_Prompt_: Start at the line in the entries below that contains "und 'Tranquilita' (im Vordergrund)", stop at the line that contains "Quạt thông gió", and output exactly the lines in that span, both ends included.

_Entries supplied_:
────────────────────

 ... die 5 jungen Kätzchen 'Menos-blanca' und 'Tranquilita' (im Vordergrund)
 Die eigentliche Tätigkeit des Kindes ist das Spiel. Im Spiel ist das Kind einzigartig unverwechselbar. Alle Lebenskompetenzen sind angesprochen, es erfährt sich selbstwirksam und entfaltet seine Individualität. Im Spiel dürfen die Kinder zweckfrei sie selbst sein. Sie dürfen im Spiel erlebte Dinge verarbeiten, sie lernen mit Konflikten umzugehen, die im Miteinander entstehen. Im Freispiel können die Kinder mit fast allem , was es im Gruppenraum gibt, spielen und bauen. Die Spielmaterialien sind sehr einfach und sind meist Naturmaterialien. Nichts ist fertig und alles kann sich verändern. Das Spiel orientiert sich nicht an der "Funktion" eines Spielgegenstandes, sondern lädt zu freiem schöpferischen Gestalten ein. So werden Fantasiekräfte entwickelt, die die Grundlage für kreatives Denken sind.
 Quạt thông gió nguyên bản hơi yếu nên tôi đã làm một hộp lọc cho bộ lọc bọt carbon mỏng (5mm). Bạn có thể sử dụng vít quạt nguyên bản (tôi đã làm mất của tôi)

────────────────────

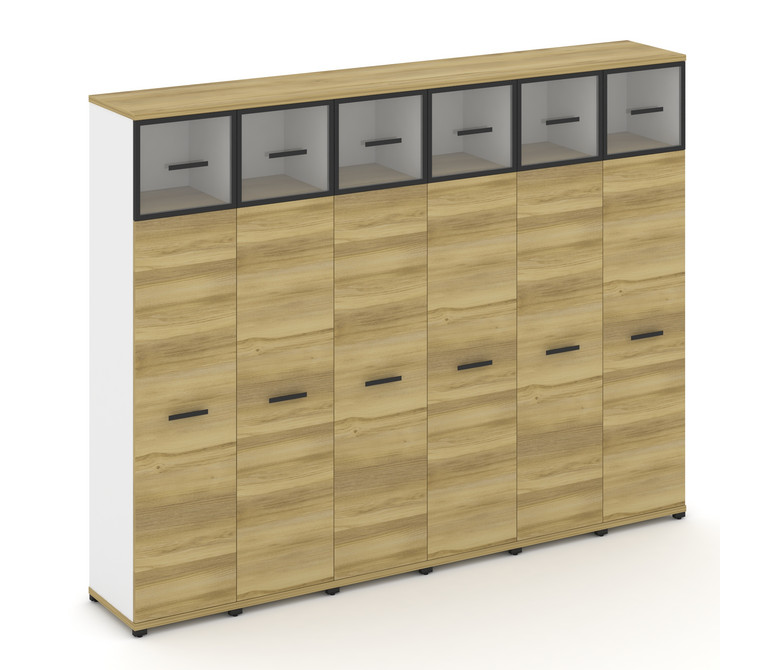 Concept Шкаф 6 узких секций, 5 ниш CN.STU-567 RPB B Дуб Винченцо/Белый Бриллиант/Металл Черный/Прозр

────────────────────

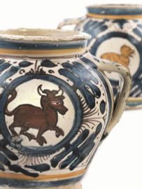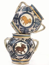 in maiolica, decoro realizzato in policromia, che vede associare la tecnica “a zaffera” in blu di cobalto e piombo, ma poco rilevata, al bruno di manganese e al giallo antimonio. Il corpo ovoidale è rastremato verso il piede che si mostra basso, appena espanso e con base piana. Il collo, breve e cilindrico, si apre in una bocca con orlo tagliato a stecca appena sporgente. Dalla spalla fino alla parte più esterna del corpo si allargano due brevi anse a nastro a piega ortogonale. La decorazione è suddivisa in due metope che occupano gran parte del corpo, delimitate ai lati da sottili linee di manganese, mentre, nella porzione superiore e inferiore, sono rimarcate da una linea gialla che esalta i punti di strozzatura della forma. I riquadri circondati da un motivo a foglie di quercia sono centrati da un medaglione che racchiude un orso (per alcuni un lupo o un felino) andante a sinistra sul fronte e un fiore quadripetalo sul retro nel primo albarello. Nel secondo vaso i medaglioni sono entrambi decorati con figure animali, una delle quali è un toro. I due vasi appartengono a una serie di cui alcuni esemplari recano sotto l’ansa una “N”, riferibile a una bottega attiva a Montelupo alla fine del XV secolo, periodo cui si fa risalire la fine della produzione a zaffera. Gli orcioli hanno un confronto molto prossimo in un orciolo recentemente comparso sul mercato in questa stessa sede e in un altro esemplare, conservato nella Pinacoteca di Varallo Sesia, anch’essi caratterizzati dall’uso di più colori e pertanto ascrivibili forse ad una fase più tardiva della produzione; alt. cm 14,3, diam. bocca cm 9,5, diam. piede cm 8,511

────────────────────

_Solution to the problem_:
 ... die 5 jungen Kätzchen 'Menos-blanca' und 'Tranquilita' (im Vordergrund)
 Die eigentliche Tätigkeit des Kindes ist das Spiel. Im Spiel ist das Kind einzigartig unverwechselbar. Alle Lebenskompetenzen sind angesprochen, es erfährt sich selbstwirksam und entfaltet seine Individualität. Im Spiel dürfen die Kinder zweckfrei sie selbst sein. Sie dürfen im Spiel erlebte Dinge verarbeiten, sie lernen mit Konflikten umzugehen, die im Miteinander entstehen. Im Freispiel können die Kinder mit fast allem , was es im Gruppenraum gibt, spielen und bauen. Die Spielmaterialien sind sehr einfach und sind meist Naturmaterialien. Nichts ist fertig und alles kann sich verändern. Das Spiel orientiert sich nicht an der "Funktion" eines Spielgegenstandes, sondern lädt zu freiem schöpferischen Gestalten ein. So werden Fantasiekräfte entwickelt, die die Grundlage für kreatives Denken sind.
 Quạt thông gió nguyên bản hơi yếu nên tôi đã làm một hộp lọc cho bộ lọc bọt carbon mỏng (5mm). Bạn có thể sử dụng vít quạt nguyên bản (tôi đã làm mất của tôi)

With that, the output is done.